** Work to be completed **
With the pictures left out, print exactly the lines below that run from the one containing "[프라임경제] IBK기업은행(024110)은 국내" through the one containing "This tour combines".

--- Data to examine Enclosed Below ---

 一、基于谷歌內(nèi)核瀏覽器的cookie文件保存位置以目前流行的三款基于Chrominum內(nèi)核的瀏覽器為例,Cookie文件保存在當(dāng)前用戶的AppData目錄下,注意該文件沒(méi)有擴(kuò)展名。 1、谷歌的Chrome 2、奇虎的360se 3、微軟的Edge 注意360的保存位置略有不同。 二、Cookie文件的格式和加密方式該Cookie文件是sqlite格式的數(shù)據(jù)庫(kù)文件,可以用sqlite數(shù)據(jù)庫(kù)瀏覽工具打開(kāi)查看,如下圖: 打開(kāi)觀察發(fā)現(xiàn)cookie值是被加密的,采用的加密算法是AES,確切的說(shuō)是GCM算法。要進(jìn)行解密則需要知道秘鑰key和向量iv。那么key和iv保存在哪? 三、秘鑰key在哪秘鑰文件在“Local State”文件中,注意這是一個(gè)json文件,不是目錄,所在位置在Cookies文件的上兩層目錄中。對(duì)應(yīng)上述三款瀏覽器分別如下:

--- End of Enclosed Data to examine ---
--- Data to examine Enclosed Below ---

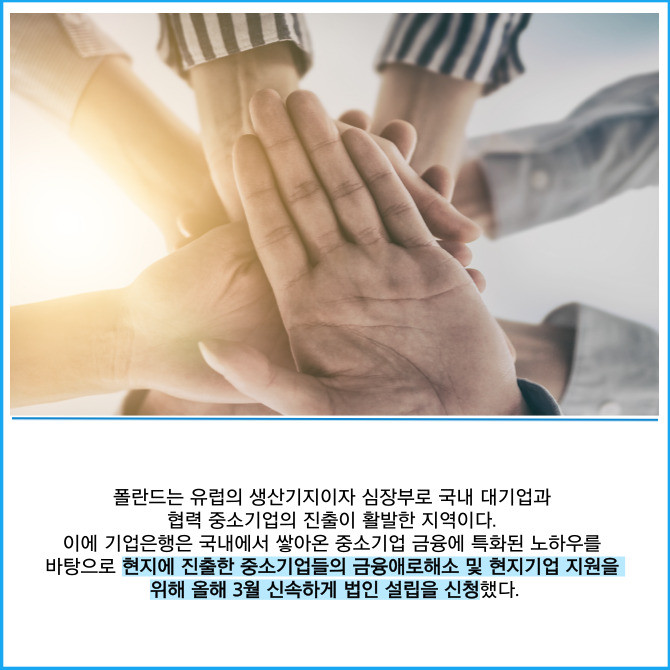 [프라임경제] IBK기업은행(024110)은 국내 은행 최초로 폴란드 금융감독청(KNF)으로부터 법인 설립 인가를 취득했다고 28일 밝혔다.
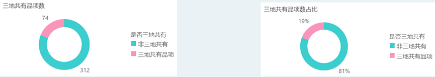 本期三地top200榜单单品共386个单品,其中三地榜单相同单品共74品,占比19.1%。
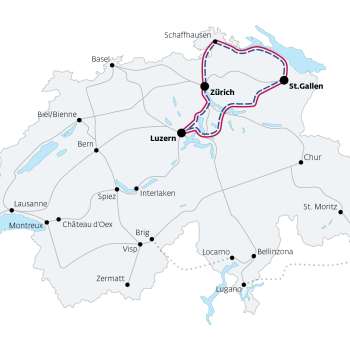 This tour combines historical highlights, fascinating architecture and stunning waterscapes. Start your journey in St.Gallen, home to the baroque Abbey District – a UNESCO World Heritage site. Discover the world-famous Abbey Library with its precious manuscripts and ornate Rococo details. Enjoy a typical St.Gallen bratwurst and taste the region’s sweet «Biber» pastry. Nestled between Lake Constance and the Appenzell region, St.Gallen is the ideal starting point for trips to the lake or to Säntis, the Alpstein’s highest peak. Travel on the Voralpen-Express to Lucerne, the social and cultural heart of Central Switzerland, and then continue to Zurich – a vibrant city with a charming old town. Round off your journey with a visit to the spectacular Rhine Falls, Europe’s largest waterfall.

--- End of Enclosed Data to examine ---

** Expected answer **
 [프라임경제] IBK기업은행(024110)은 국내 은행 최초로 폴란드 금융감독청(KNF)으로부터 법인 설립 인가를 취득했다고 28일 밝혔다.
 本期三地top200榜单单品共386个单品,其中三地榜单相同单品共74品,占比19.1%。
 This tour combines historical highlights, fascinating architecture and stunning waterscapes. Start your journey in St.Gallen, home to the baroque Abbey District – a UNESCO World Heritage site. Discover the world-famous Abbey Library with its precious manuscripts and ornate Rococo details. Enjoy a typical St.Gallen bratwurst and taste the region’s sweet «Biber» pastry. Nestled between Lake Constance and the Appenzell region, St.Gallen is the ideal starting point for trips to the lake or to Säntis, the Alpstein’s highest peak. Travel on the Voralpen-Express to Lucerne, the social and cultural heart of Central Switzerland, and then continue to Zurich – a vibrant city with a charming old town. Round off your journey with a visit to the spectacular Rhine Falls, Europe’s largest waterfall.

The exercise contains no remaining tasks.